I don't mind at all living in a little apartment. I like it better, I think, than a house. A house doesn't feel as cozy or secure--not in a practical, "I think someone's going to break in and take all my stuff" way, but in an "I can't sleep without the blankets tucked in under my feet" way. But I am very, very glad that my apartment has a back porch.
It's not much, and I guess it's not a great view, but I'm still a little bit in love with it. Rooftops and power lines do have a kind of magic to them. And unlike, say, Manhattan, here I can still feel--with the intermingled trees, and open sky, and chirping bird--that humans are a part of nature. We just need to remember it. I wrote a poem last semester about small cities that I think I'll include with my project.

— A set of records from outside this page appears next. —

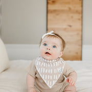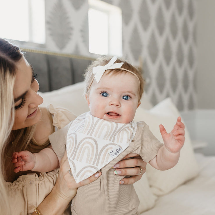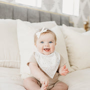 These stylish drool bibs are made of 100% absorbent cotton on the front and 100% polyester fleece on the back. The front of the baby bib is a stylish knit fabric and the back is a super soft fleece that keeps your baby completely dry even with the drooliest of babies. Great for teething babies!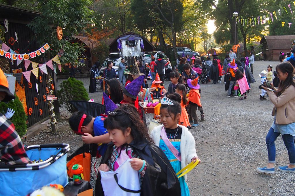「いたずらするぞ!お菓子をちょうだい!」仮装したこどもたちが、みなさんのテントやキャビンを回ってお菓子をねだります。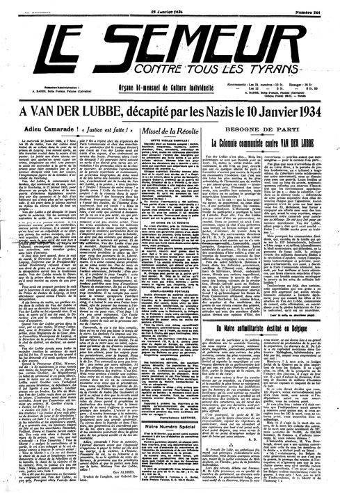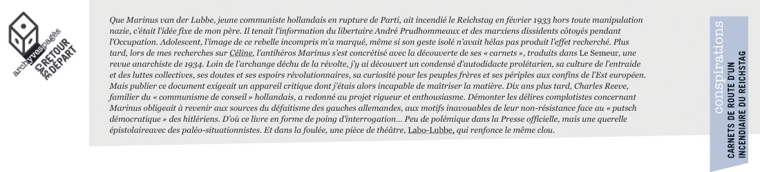 Yves Pagès – Que Marinus van der Lubbe, jeune communiste hollandais en rupture de Parti, ait incendié le Reichstag en février 1933 hors toute manipulation nazie, c’était l’idée fixe de mon père. Il tenait l’information du libertaire André Prudhommeaux et des marxiens dissidents côtoyés pendant l’Occupation. Adolescent, l’image de ce rebelle incompris m’a marqué, même si son geste isolé n’avait hélas pas produit l’effet recherché. Plus tard, lors de mes recherches sur Céline, l’antihéros Marinus s’est concrétisé avec la découverte de ses « carnets », traduits dans Le Semeur, une revue anarchiste de 1934. Loin de l’archange déchu de la révolte, j’y ai découvert un condensé d’autodidacte prolétarien, sa culture de l’entraide et des luttes collectives, ses doutes et ses espoirs révolutionnaires, sa curiosité pour les peuples frères et ses périples aux confins de l’Est européen. Mais publier ce document exigeait un appareil critique dont j’étais alors incapable de maîtriser la matière. Dix ans plus tard, Charles Reeve, familier du « communisme de conseil » hollandais, a redonné au projet rigueur et enthousiasme. Démonter les délires complotistes concernant Marinus obligeait à revenir aux sources du défaitisme des gauches allemandes, aux motifs inavouables de leur non-résistance face au « putsch démocratique » des hitlériens. D’où ce livre en forme de poing d’interrogation… Peu de polémique dans la Presse officielle, mais une querelle épistolaireavec des paléo-situationnistes. Et dans la foulée, une pièce de théâtre, Labo-Lubbe, qui renfonce le même clou.
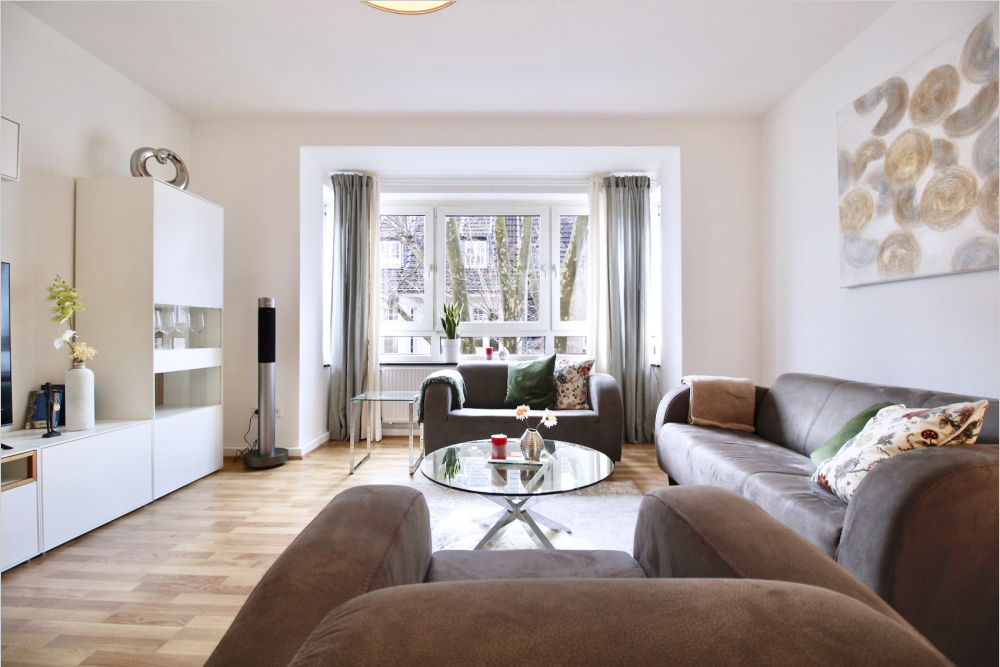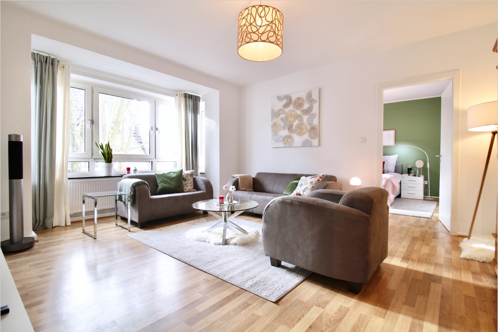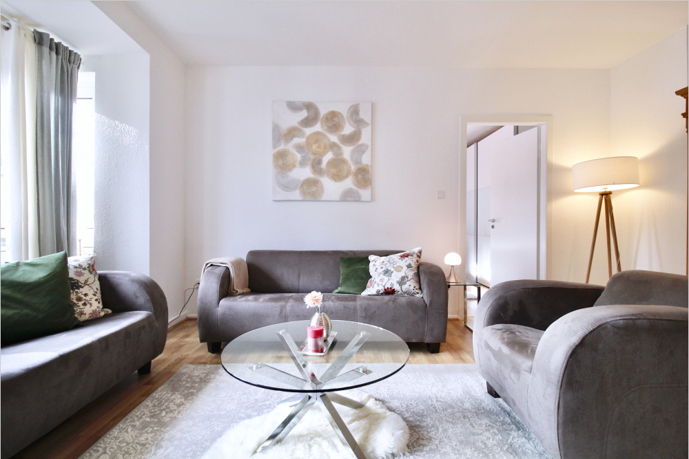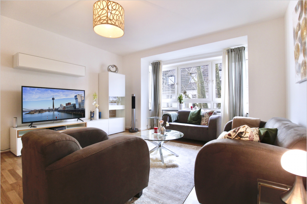 Komplett Möbliert/Furnished Accommodation in: Oberkassel. Stilvoll eingerichtete 2 Zimmer Wohnung im Herzen vom Düsseldorfer Premium Viertel. Das Schlafzimmer verfügt über einen großen Kleiderschrank sowie einen TV mit Schreibtisch. Das Wohnzimmer lädt ein zum gemütlichen Entspannen mit viel Sitzgelegenheit für Sie und Ihre Gäste. Das in hellen warmen Tönen gehaltene Badezimmer verfügt über eine moderne geräumige Dusche und ein Fenster. Die Küche ist auf neustem Standard vollausgestattet mit sämtlichen Geräten und bietet Platz für einen Essbereich. Das Objekt liegt in ruhiger Lage in direkter Nähe zum Rhein bis zu dem Sie nur 5 Minuten brauchen. Um das Objekt herum befinden sich zahlreiche Cafés und Einkaufsmöglichkeiten. Auch der Anschluss in die Düsseldorfer Innenstadt oder nach Neuss/Krefeld ist in 3 Minuten erreichbar. Die U-Bahnen und Busse verkehren in 5-Minuten-Takt.Die EnEv Daten liegen aktuell noch nicht vor, diese werden bei der Besichtigung nach gereicht.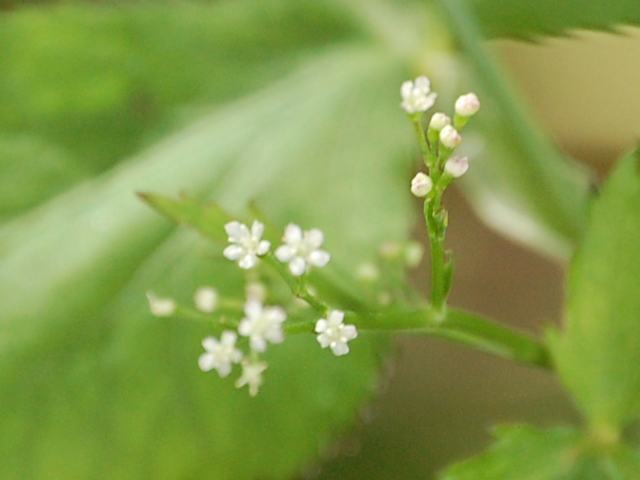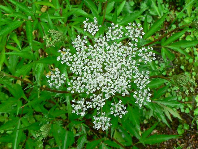 茎先に複散形花序を出し、白い小さな花をたくさんつける。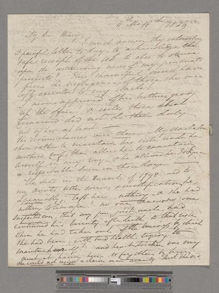 Opie, Amelia (Alderson). Letter to Henry Perronet Briggs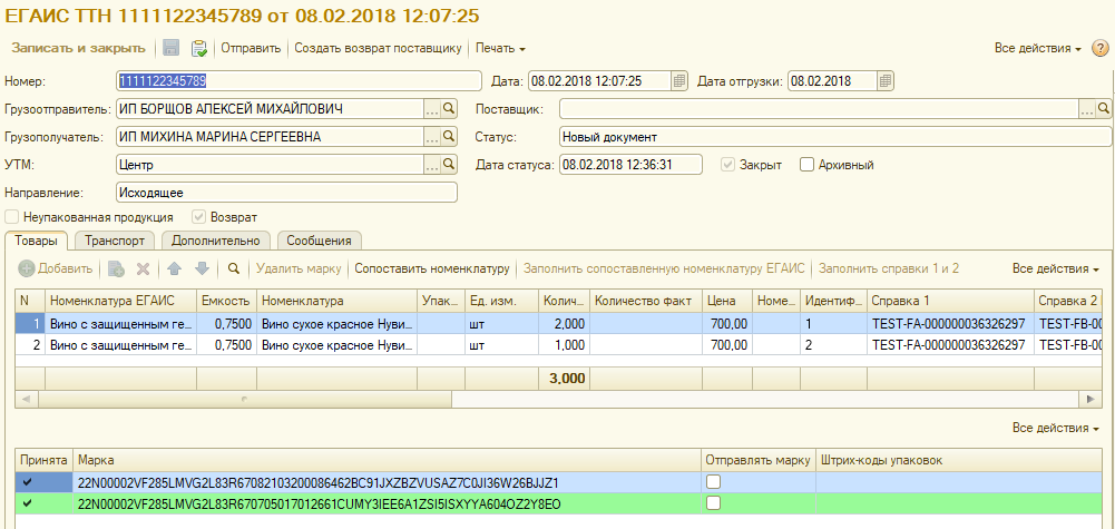 Марки при необходимости считываются в документ сканером. Если документ создан из входящей ТТН, то марки будут подставлены из документа-основания.

Ah yes, my project. Due Monday! The freakout I'm suppressing is something I've kept out of this journal. This is a nature journal, a spirituality journal, not a "worrying about course work" journal. But I posted a link on Moodle, so maybe some of my readers are classmates? If so, maybe I should take this opportunity to say a word about my project.
I haven't worked out quite how to describe it, but basically my project is a companion piece to the course, in which I flesh out some of my tangental thinking on eco-spirituality and throw in some research to boot. It will include this journal, at least in some form, with some additional essays on humanity and nature, and my own future ministry (yikes). I'll PDF it as a sort of "book" and you'll all get to see the whole thing.
Oh, why the whole bit about the porch? That's where I'm writing this. I'm so glad for WiFi.
In fact, I took that picture, e-mailed it to myself from my phone, and put it on the blog, all without leaving my lawn chair. 2011, word.